Chipotle is also the subject of a federal criminal investigation over a norovirus incident at a Simi Valley, California location in August. The company said it is cooperating with the investigation being conducted by the U.S. Attorney’s Office for the Central District of California and the Food and Drug Administration’s Office of Criminal Investigations.

The company has not announced the cause of the sickness incidents. Last week, Chipotle said sales at stores open at least a year dropped 30% in December.

Chipotle staffers are well-versed with food-safety measures at their individual workplaces, company executives said during the investor conference. The all-staff meeting is aimed in part to  update them on new measures being instituted company-wide.

For example, tomatoes and lettuce foods that could have potentially dangerous bacteria from growing fields, will be washed and processed in a central kitchen equipped with "high-resolution" testing equipment, Chipotle officials said.
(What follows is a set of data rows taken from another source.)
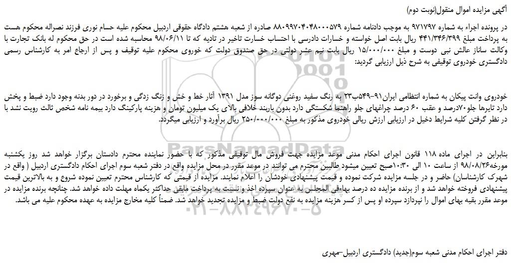 در پرونده اجراء به شماره 971797 به موجب دادنامه شماره 88099704048000579 صادره از شعبه هشتم دادگاه حقوقی اردبیل محکوم علیه حسام نوری فرزند نصراله محکوم هست به پرداخت مبلغ 441/346/399 ریال بابت اصل خواسته و خسارات دادرسی با احتساب خسارت تاخیر در تادیه که تا 98/06/11 محاسبه شده است در حق محکوم له بانک تجارت با وکالت ساناز عالش نبی دوست و مبلغ 15/000/000 ریال بابت نیم عشر دولتی در حق صندوق دولت که خوروی محکوم علیه توقیف و پس از ارجاع امر به کارشناس رسمی دادگستری خودروی توقیفی به شرح ذیل ارزیابی گردید: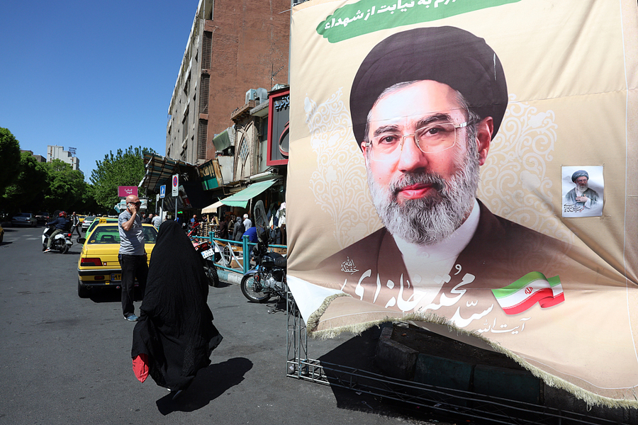 4月22日,伊朗德黑兰,一名伊朗女性走过街头哈梅内伊的海报。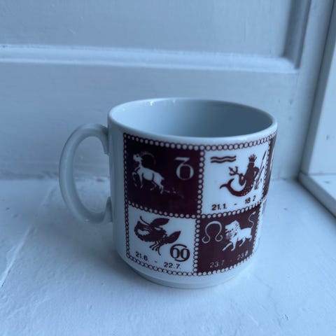 1 stk Med finurlig tekst. Behagelig tynd hank og drikkekant.
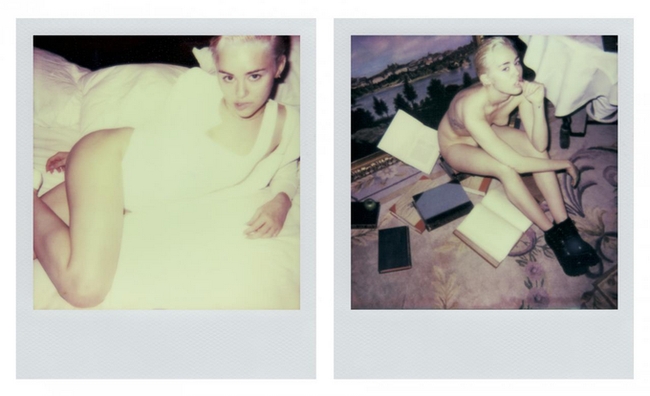 Для нового номера журнала V Magazine, посвященного музыке, певица предоставила серию личных полароидных фотографий из путешествий, снятых ее лучшим другом Чейном Томасом. Снимки были сделаны во время ее тура «Bangerz», на репетициях и в ожидании выступлений, а также в редкие дни отдыха; на некоторых из них девушка предстает практически полностью обнаженной, например в ванной или во дворе своего дома в Лос-Анджелесе.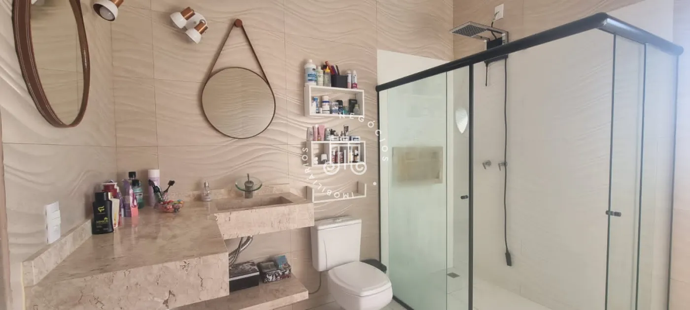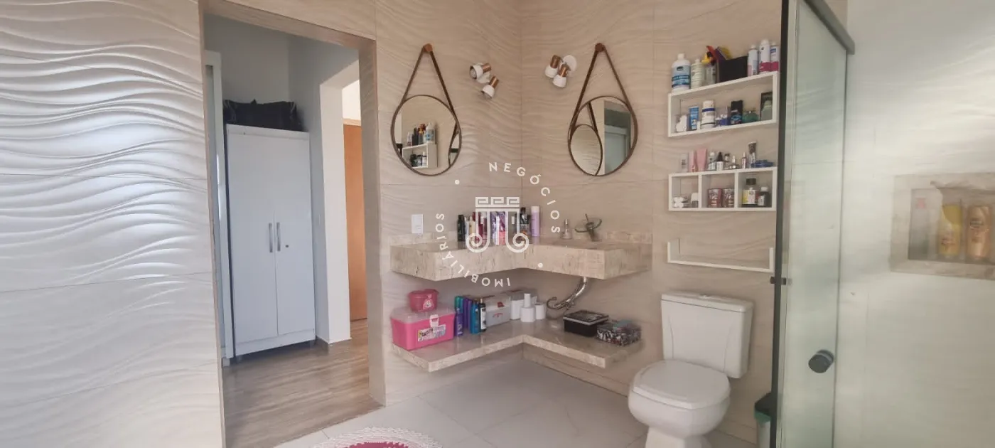 Imóvel conta com: 04 dormitórios sendo 1 suíte e 1 suíte master com espaço para banheira, possui 01 lavabo, 05 banheiros, área externa com churrasqueira e piscina com banheiro, além de escritório e vaga para 4 carros ideal para quem busca conforto e espaço em um só lugar.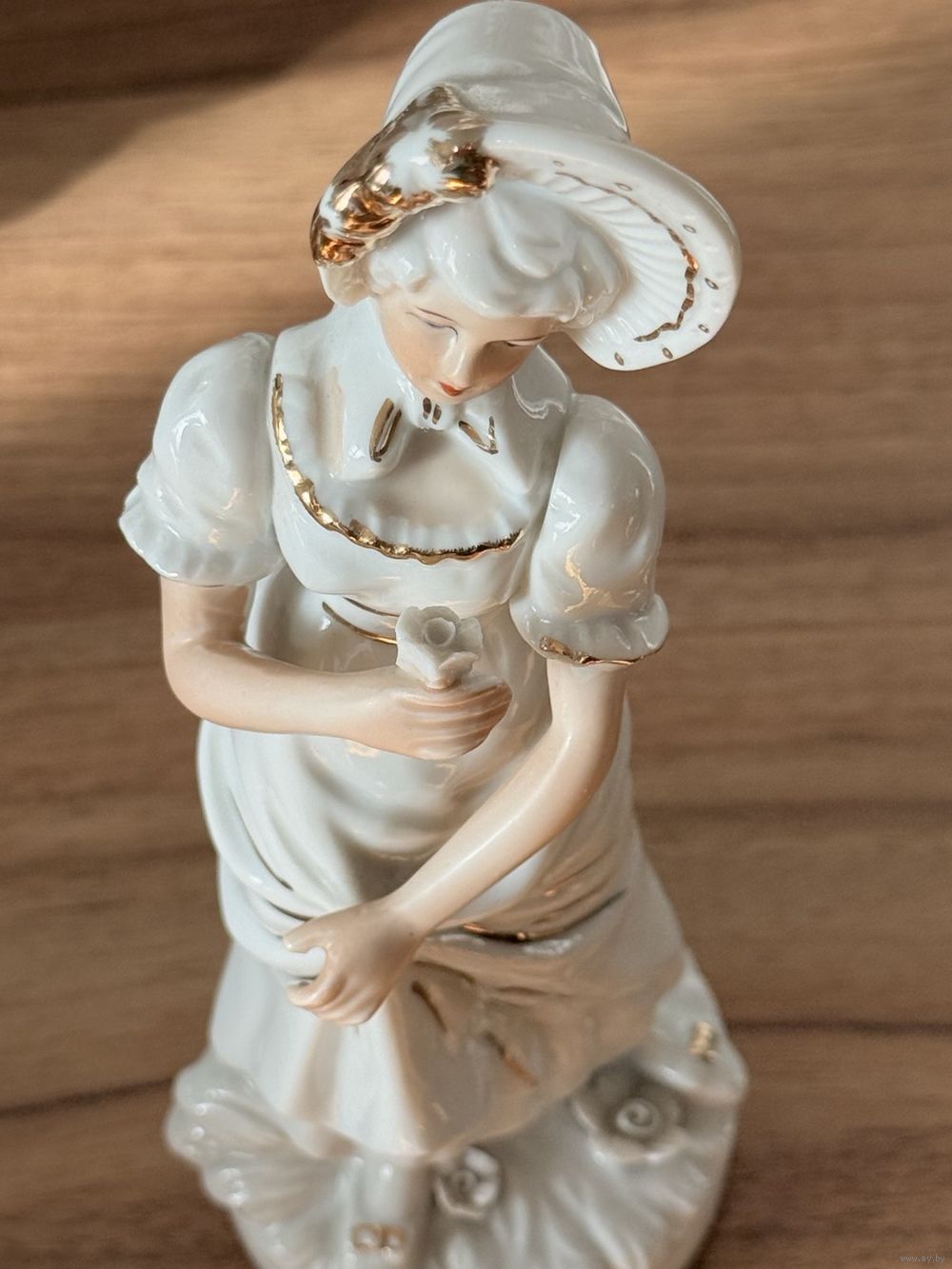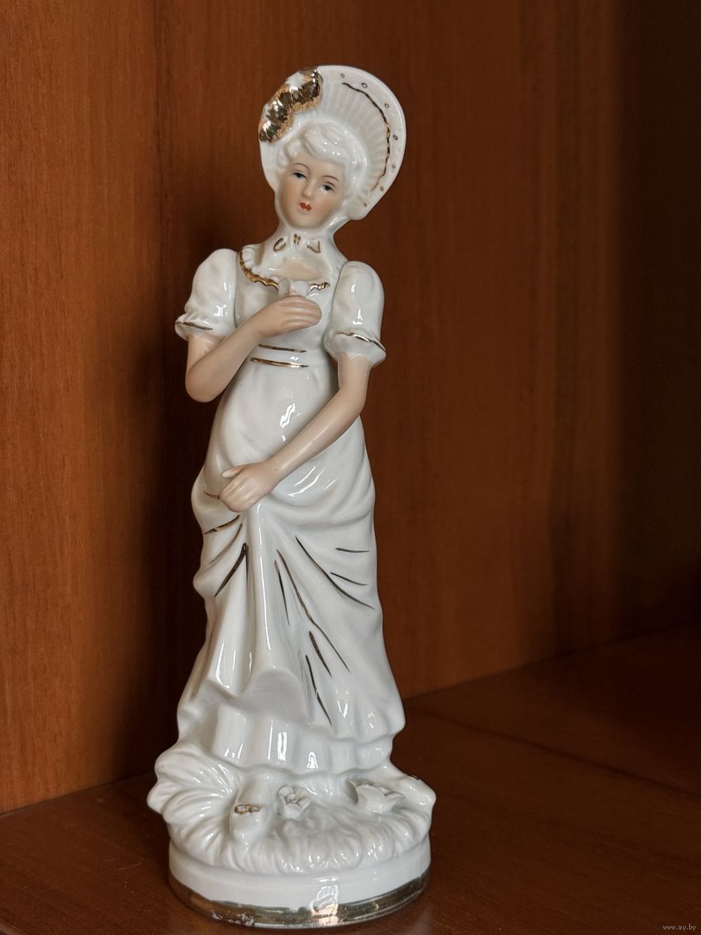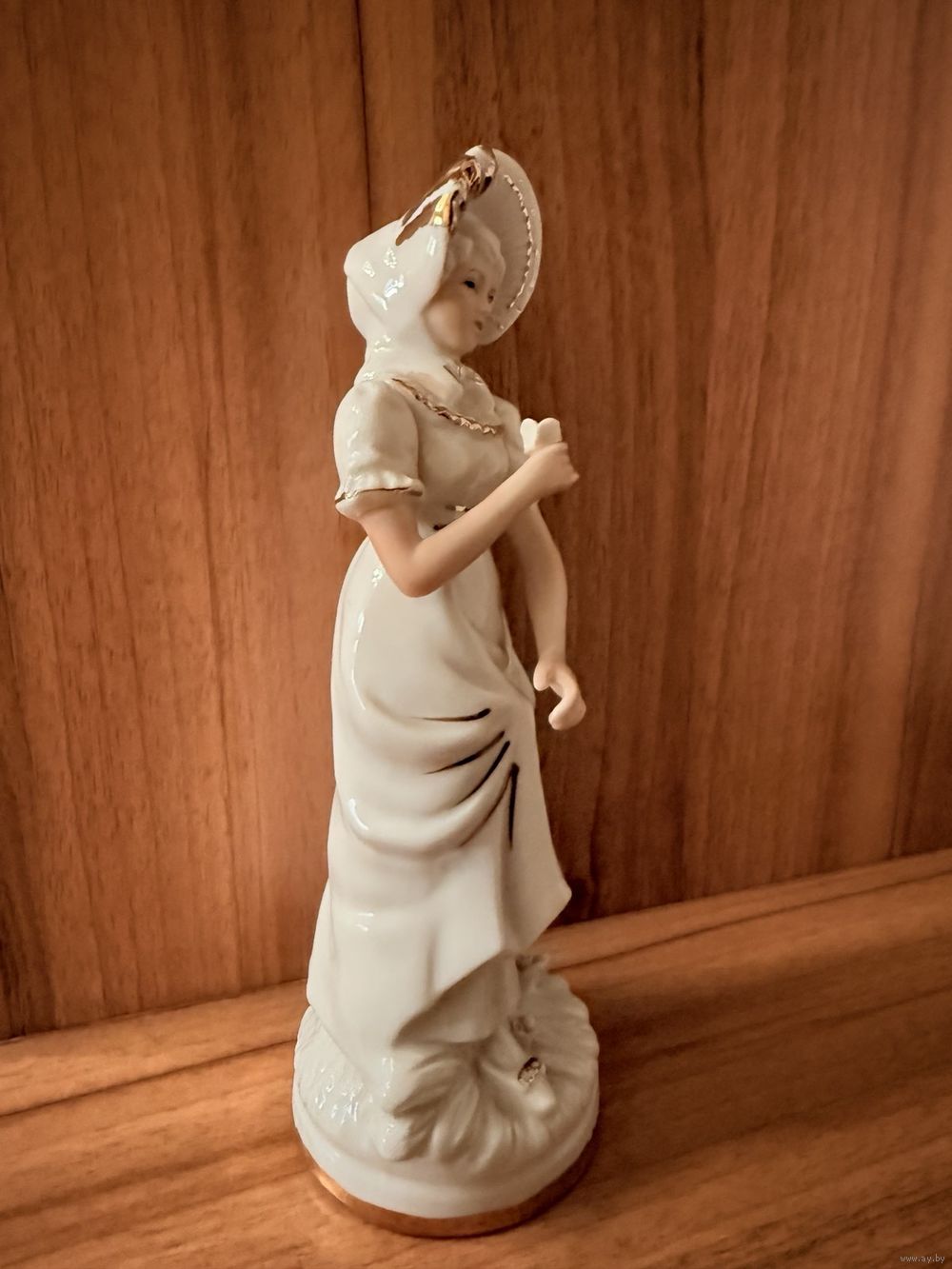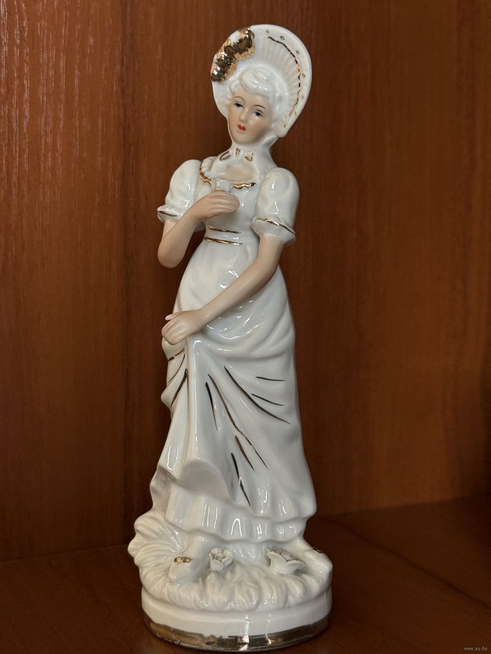 Статуэтка Capodimonte молодой дамы в струящемся белом платье и шляпке.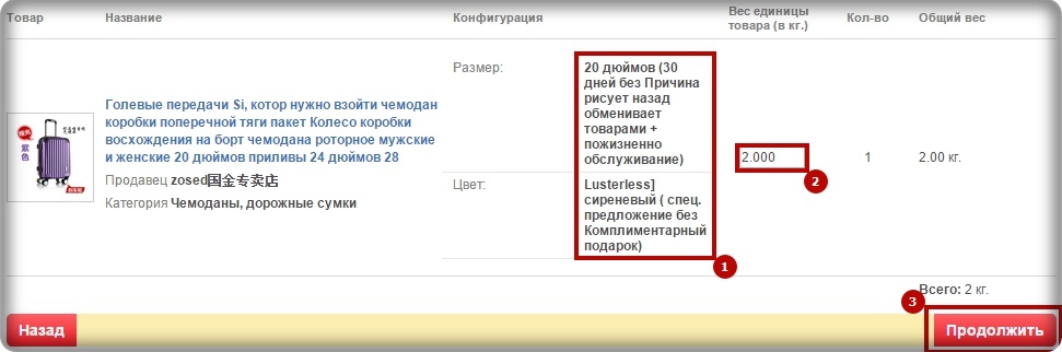 ШАГ 5. Проверить ориентировочный вес товаров: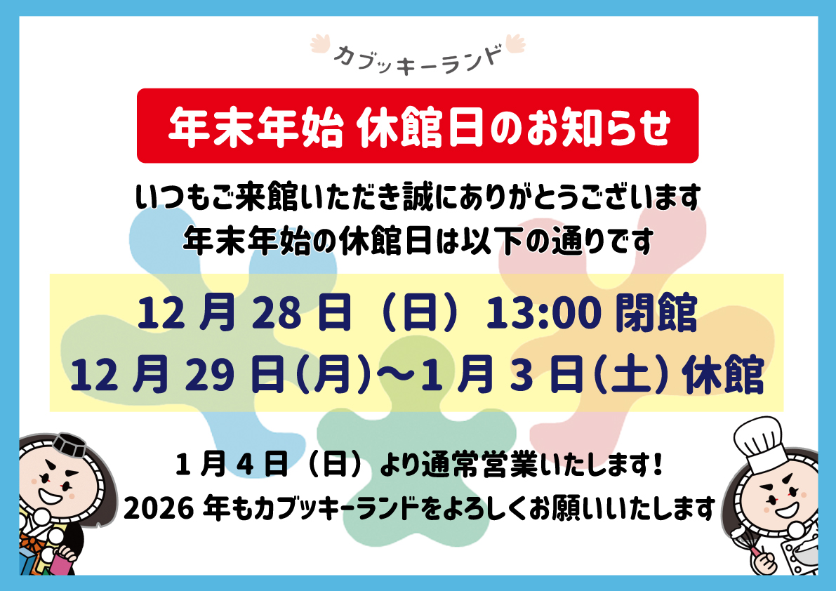 ※12月28日(日)は13時閉館となります ので、 ご注意ください!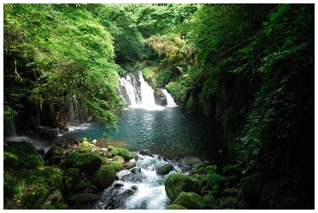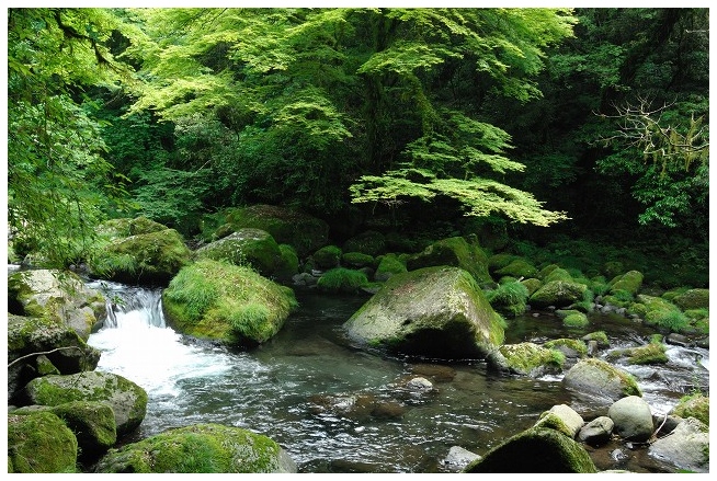 阿蘇の伏流水で新緑の渓谷美が素晴らしい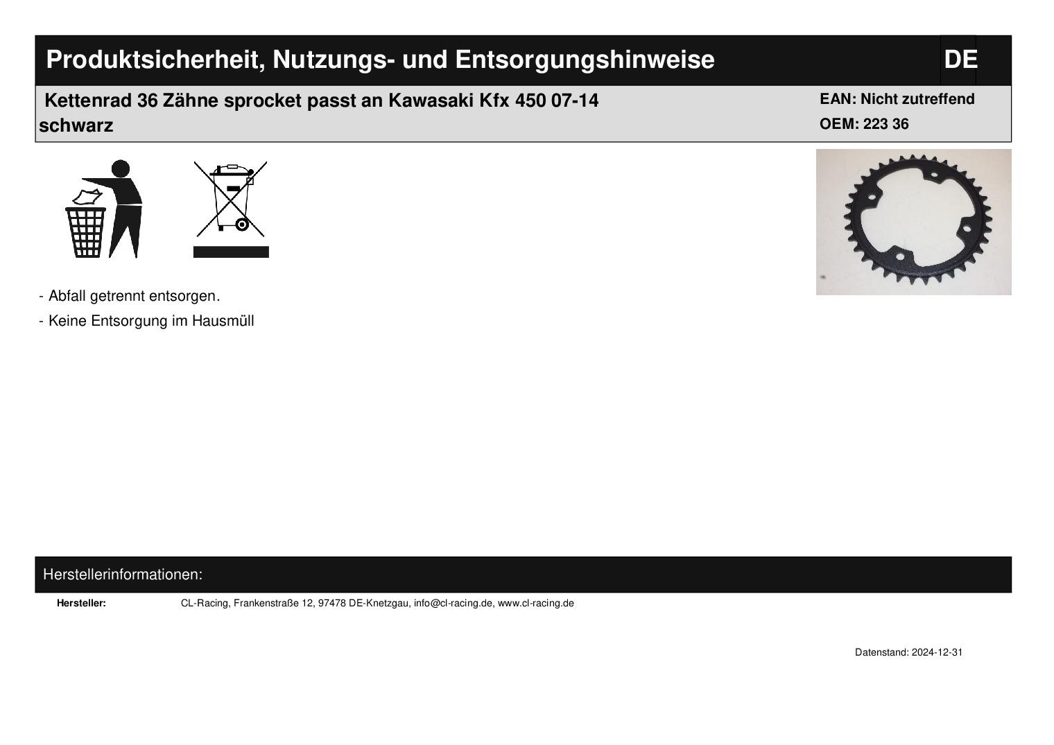 In dieser Auktion gibt es folgenden Artikel zu kaufen: Qualitäts-Kettenrad (siehe Foto) Modell: passend für Kawasaki Kfx 450 Bj.: 2007 - 2014 Zä hnezahl: 36 Vor dem Kauf bitte Übersetzung mit Ihrem Fahrzeug vergleichen! Lieferumfang: 1 Stück Artikelzustand: neu aus Geschäftsauflösung, mit leichten Lagerspuren; Zustand siehe Foto Bei Unklarheiten oder Fragen bitte erst E-Mail schreiben.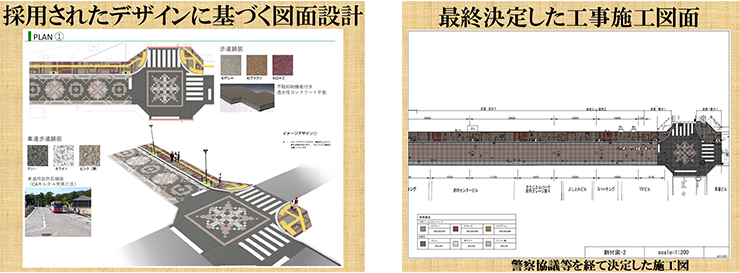 参加した学生らは、通りの車道、歩道、交差点部分のデザインのために、通りや地域の歴史や将来への期待などについて地元の方々から聞き取り、また実際にまち歩きをしながら特徴を把握し、各々デザイン案を作成しました。
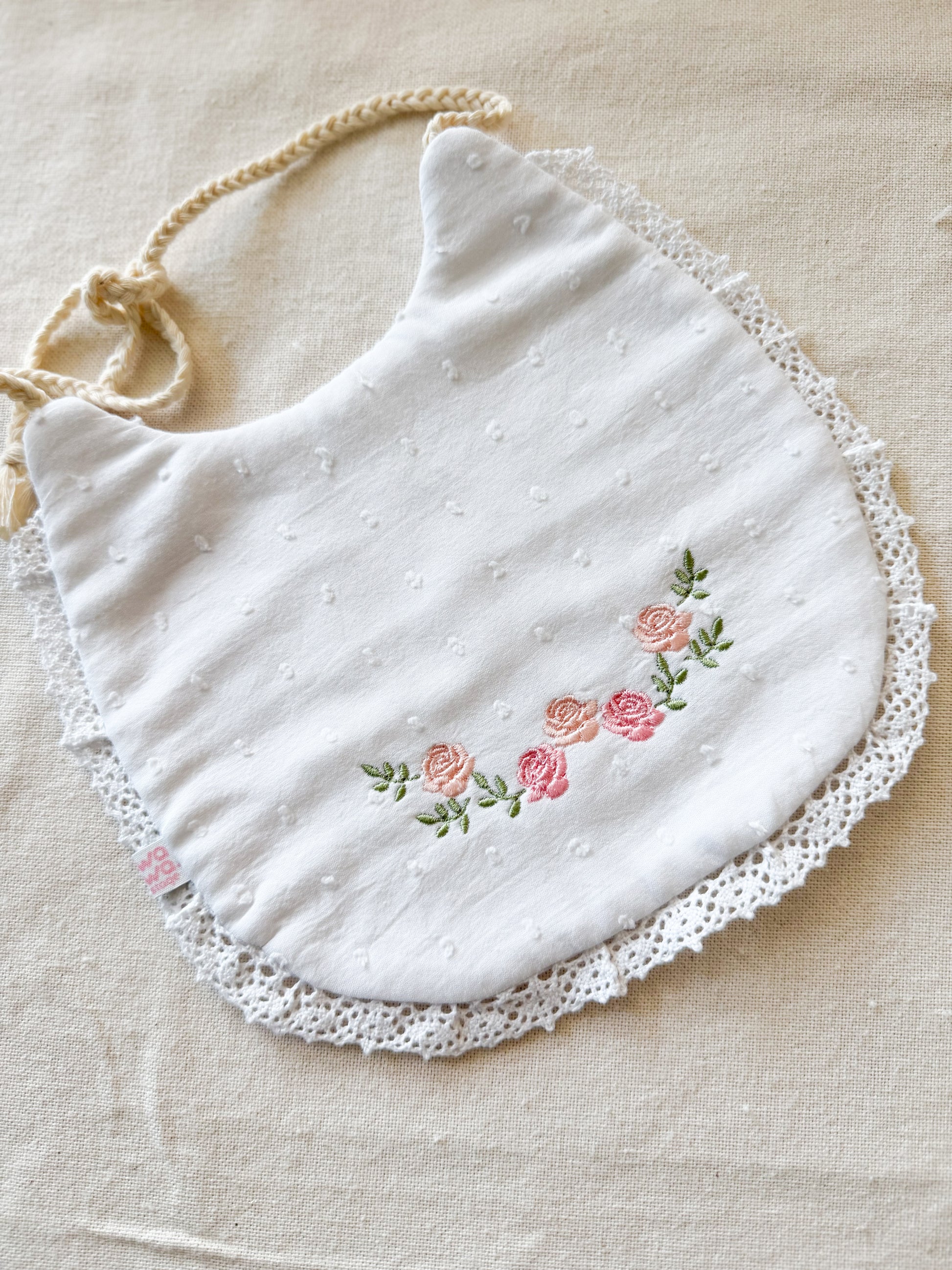 Confeccionado en tela de algodon, bordado, este babero combina delicadeza y funcionalidad en una pieza única.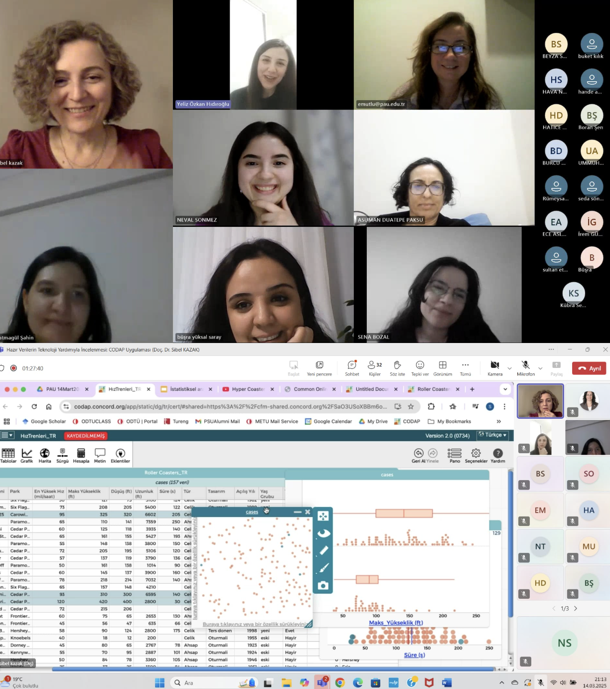 The final event of the day was an online presentation by Assoc. Prof. Dr. Sibel KAZAK, one of the founding faculty members of the Department of Mathematics Education at Pamukkale University. Aimed at participants interested in mathematics, statistics, and technology integration in mathematics education, her talk was titled “Exploring Secondary Data with Technology: The CODAP (Common Online Data Analysis Platform) Application.” We extend our thanks to all participants for helping to create such a rich learning environment.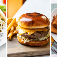 Beef patty, smoked brisket, smoked cheddar, golden barbecue sauce, mixed greens, pickled onions, crispy garlic, spicy mustard, brioche bun, choice of house-made potato salad or fries

Such testing is more difficult to undertake at individual eateries, they said.

Chipotle's food safety woes lead to criminal investigation, sales slide

The most recent report of an illness linked to a Chipotle location occurred in late November, the executives told investors. The timing appeared to signal that the problems have passed, said Ells, who voiced hope that the Centers for Disease Control would declare an end to the surge of incidents "relatively soon."

Company warned at the investor conference that new processing and testing measures and other steps the company is taking to ensure food safety for customers would continue to affect Chipotle's finances throughout 2016. With that in mind, the company plans to begin inviting customers back, starting in February, through a new marketing effort.

“I’m confident we’ll recover from this and win back our customers,” Ells said during the investor conference.